* [EXERCISE REQUIREMENTS]:
An exact reproduction of the listing, minus the pictures, is the required output.

* [GIVEN DATA]:

┌──

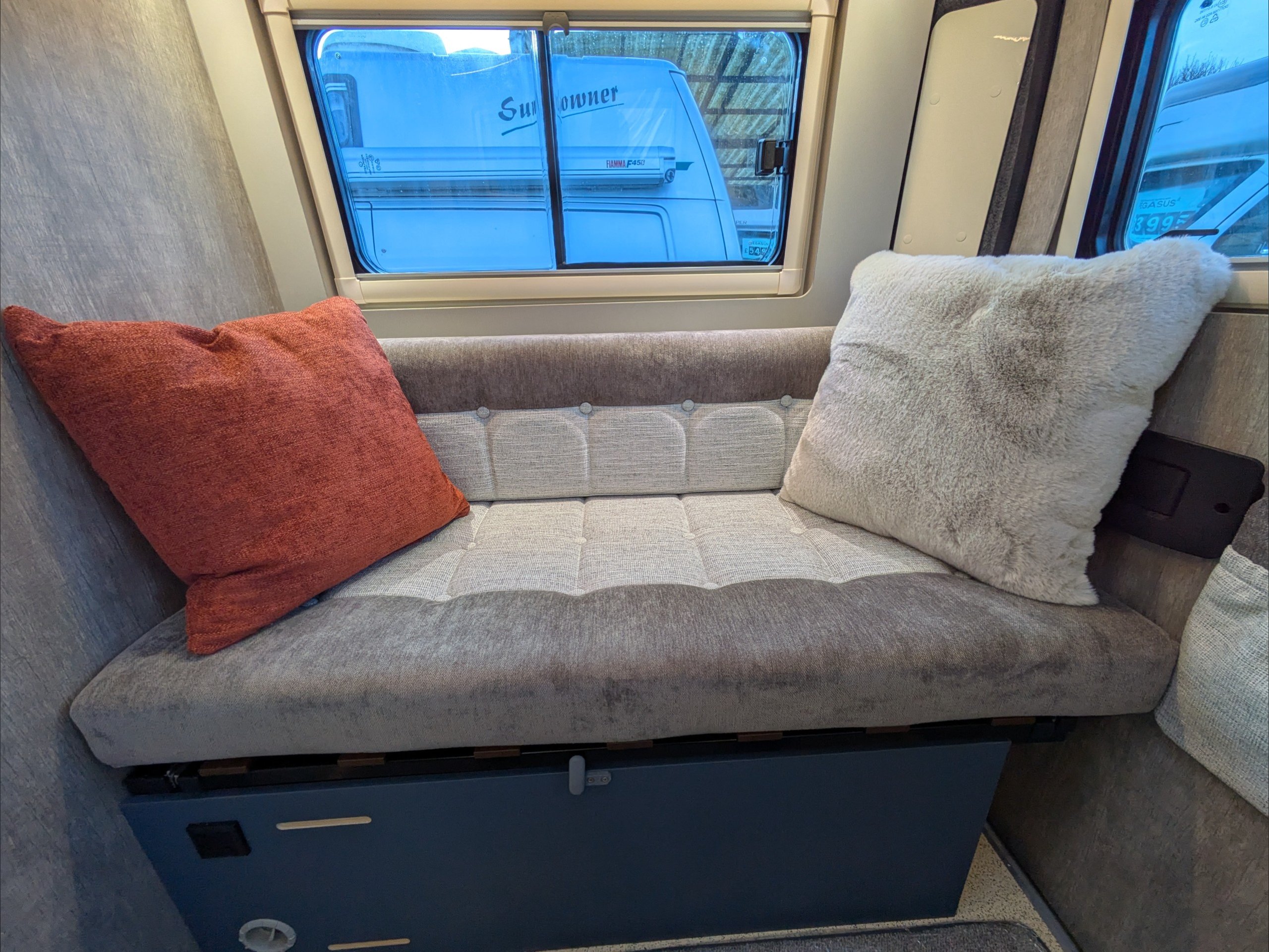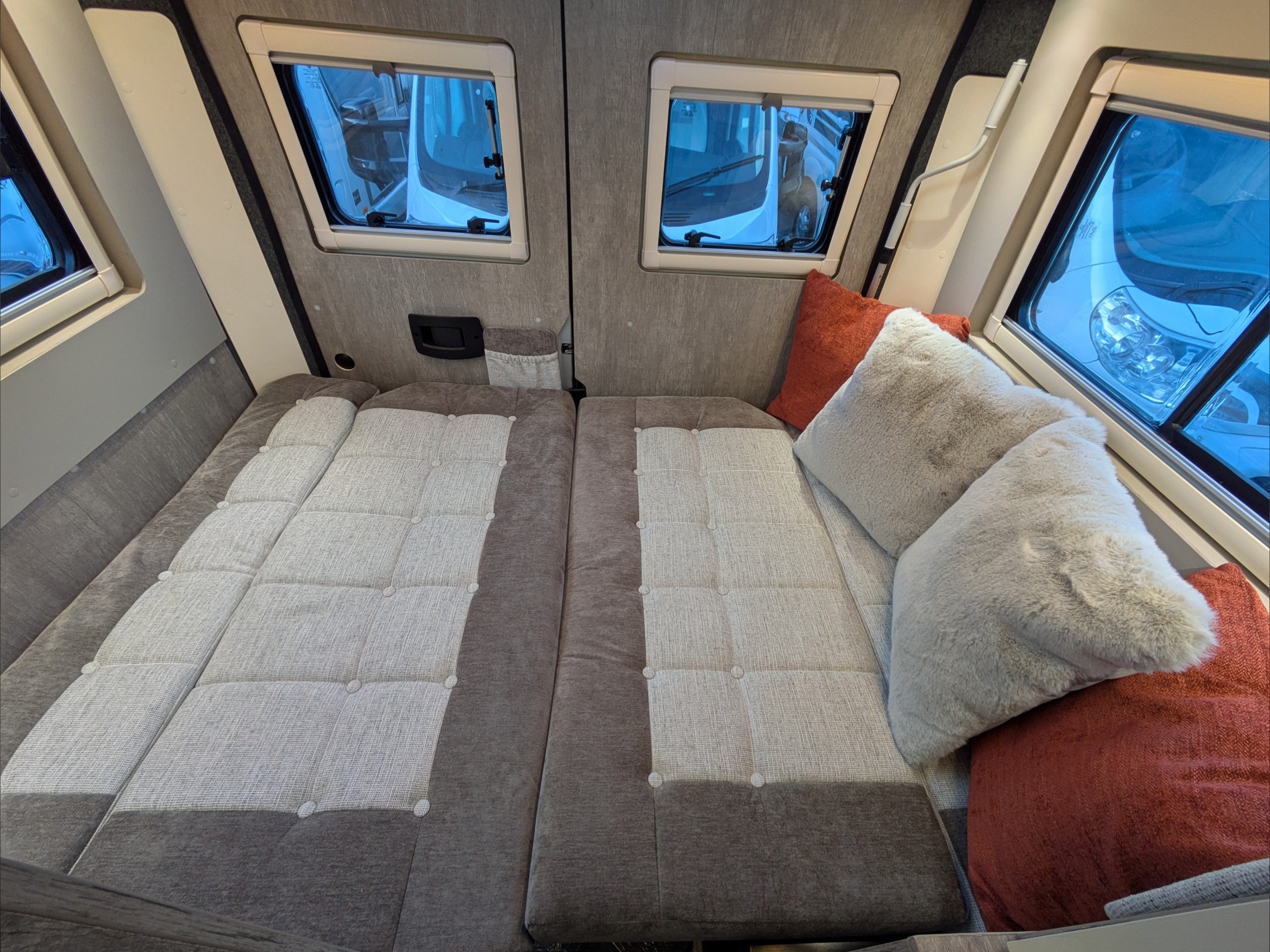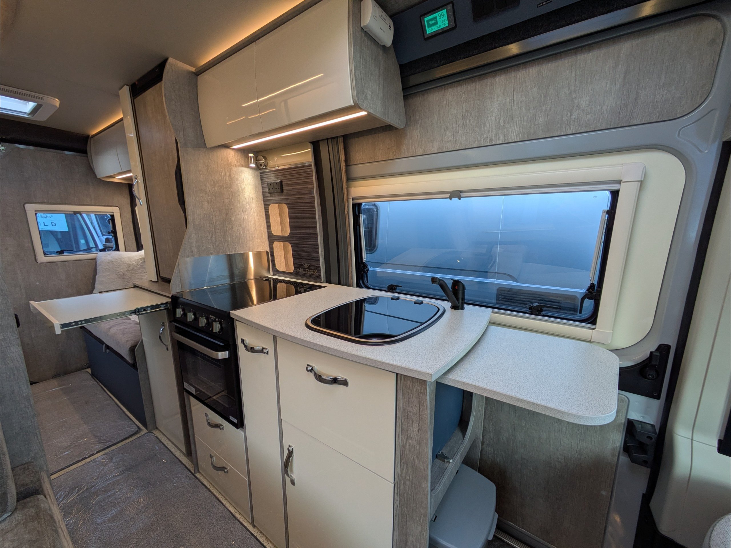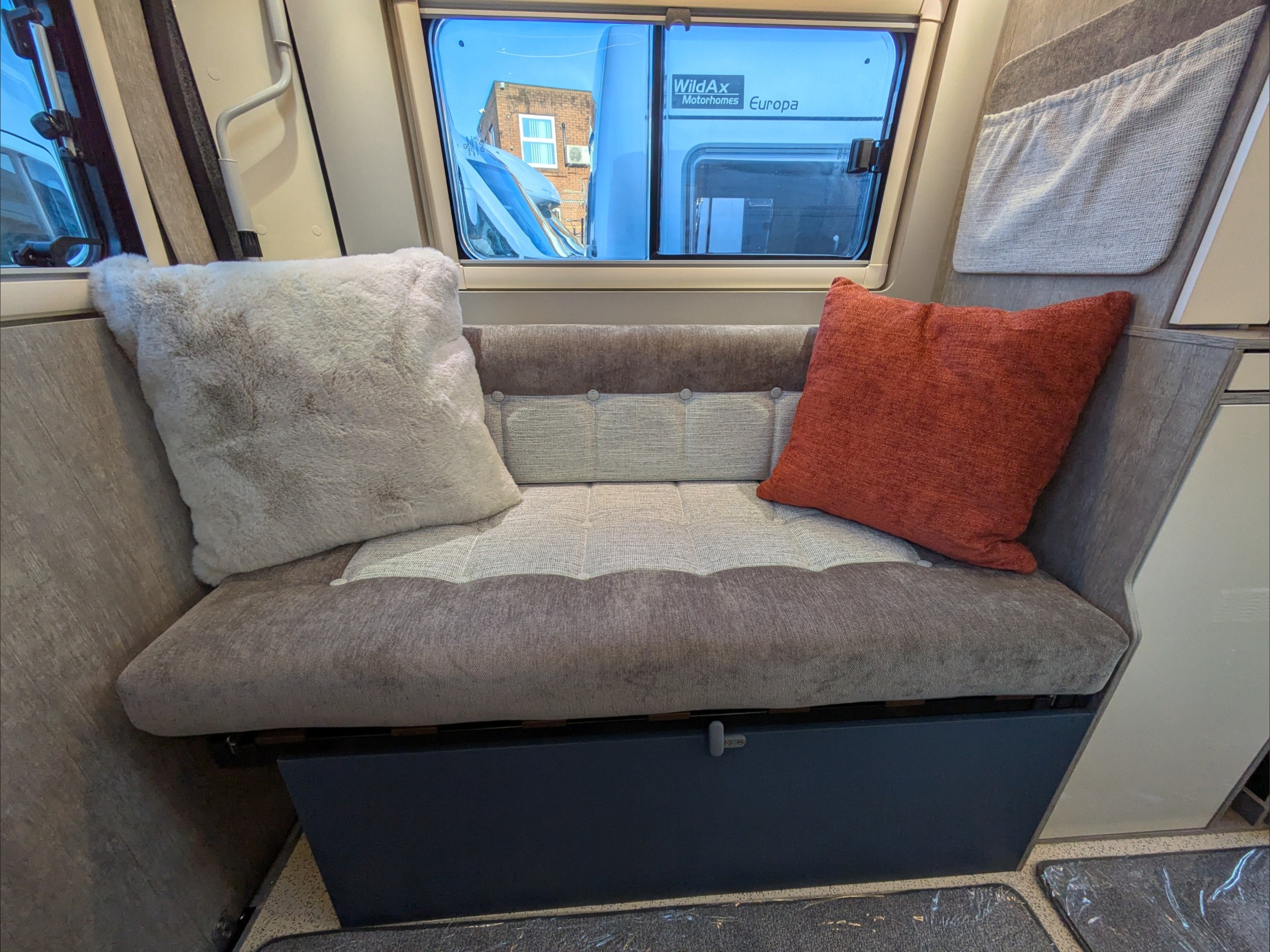 2026 Brand New Brand New WildAx Aurora Leisure. Can also be ordered with a fixed bed at the rear. Colour; Expedition Grey or Artense Grey. 3 Berth, 3 Seatbelts. Standard Driving License Applicable. ULEZ Compliant. Situated at the front is dinette conversion lounge that can seat 3 people with the cab seats swiveled. Situated at the rear, the lounge comprises dual bench seats, which convert to a double bed. The kitchen comes with intergrill, fridge, hob, and extending counter top. The washroom comes with shower, wash basin, and cassette toilet. Available to order now at the Southern Motorhome Centre.
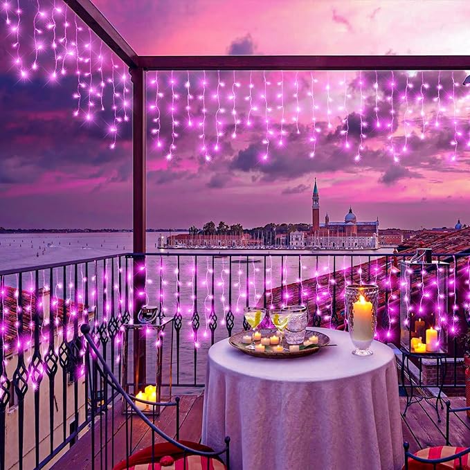 33ft Icicle Lights for Outside, Pink Christmas Lights Outdoor Waterproof for House, 400 LED Twinkle Light with 75 Drops Clear Wire Short Curtain Lights for Room Home Wall Indoor Decorations
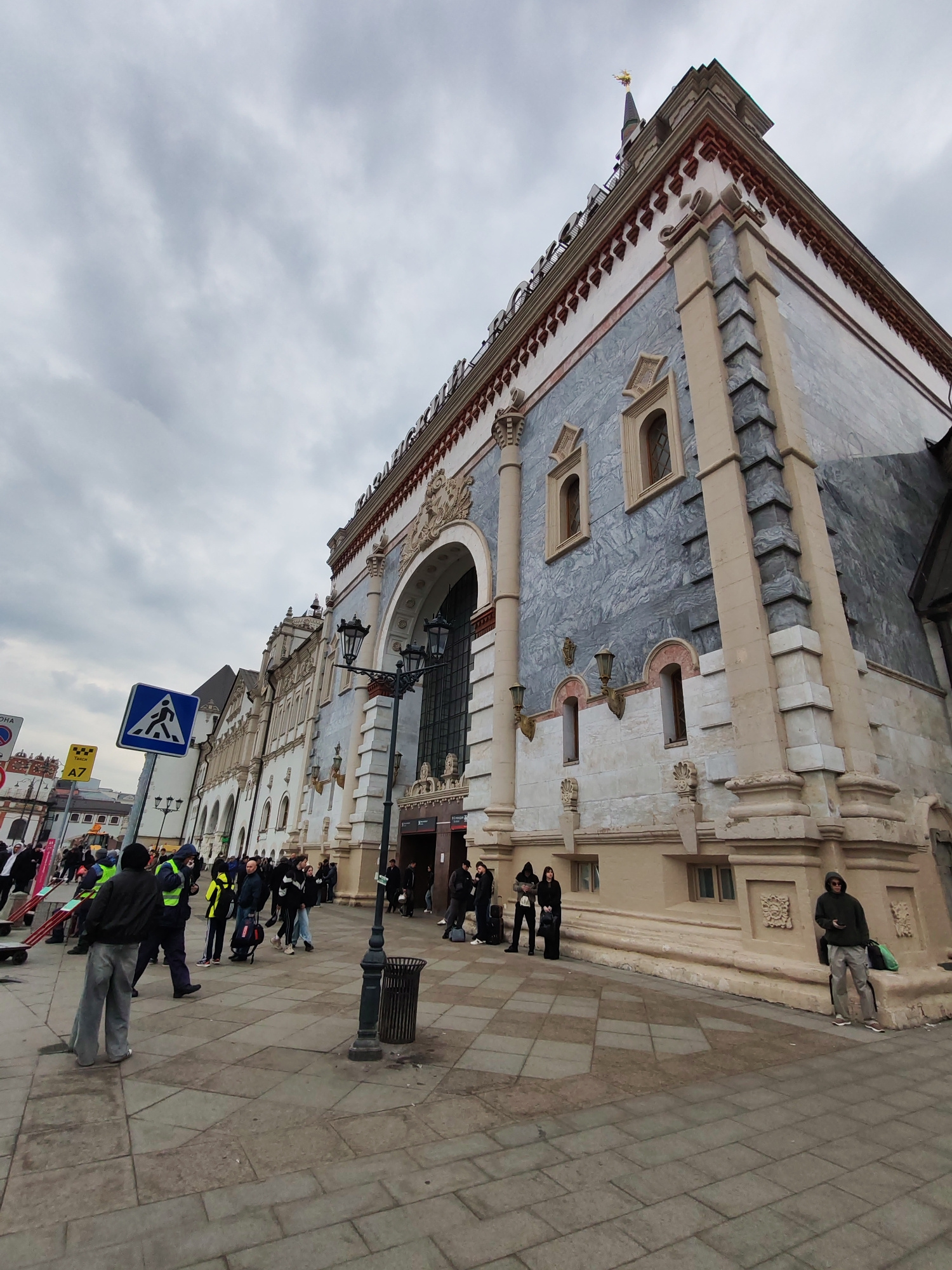 The image depicts an urban scene on an overcast day in Moscow, Russia, featuring a grand, ornate building that appears to be a railway station. The building's facade is characterized by a blend of lig…read more
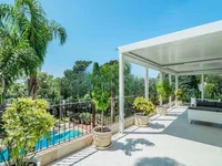 Большие террасы предлагают великолепные зоны для отдыха на свежем воздухе с прекрасными видами. Ухоженный сад окружает величественный бассейн с пул-хаусом, что создаёт идеальные условия для отдыха в солнечные дни и уютных вечеров в кругу близких.

└──

* [YOUR SOLUTION]:
 2026 Brand New Brand New WildAx Aurora Leisure. Can also be ordered with a fixed bed at the rear. Colour; Expedition Grey or Artense Grey. 3 Berth, 3 Seatbelts. Standard Driving License Applicable. ULEZ Compliant. Situated at the front is dinette conversion lounge that can seat 3 people with the cab seats swiveled. Situated at the rear, the lounge comprises dual bench seats, which convert to a double bed. The kitchen comes with intergrill, fridge, hob, and extending counter top. The washroom comes with shower, wash basin, and cassette toilet. Available to order now at the Southern Motorhome Centre.
 33ft Icicle Lights for Outside, Pink Christmas Lights Outdoor Waterproof for House, 400 LED Twinkle Light with 75 Drops Clear Wire Short Curtain Lights for Room Home Wall Indoor Decorations
 The image depicts an urban scene on an overcast day in Moscow, Russia, featuring a grand, ornate building that appears to be a railway station. The building's facade is characterized by a blend of lig…read more
 Большие террасы предлагают великолепные зоны для отдыха на свежем воздухе с прекрасными видами. Ухоженный сад окружает величественный бассейн с пул-хаусом, что создаёт идеальные условия для отдыха в солнечные дни и уютных вечеров в кругу близких.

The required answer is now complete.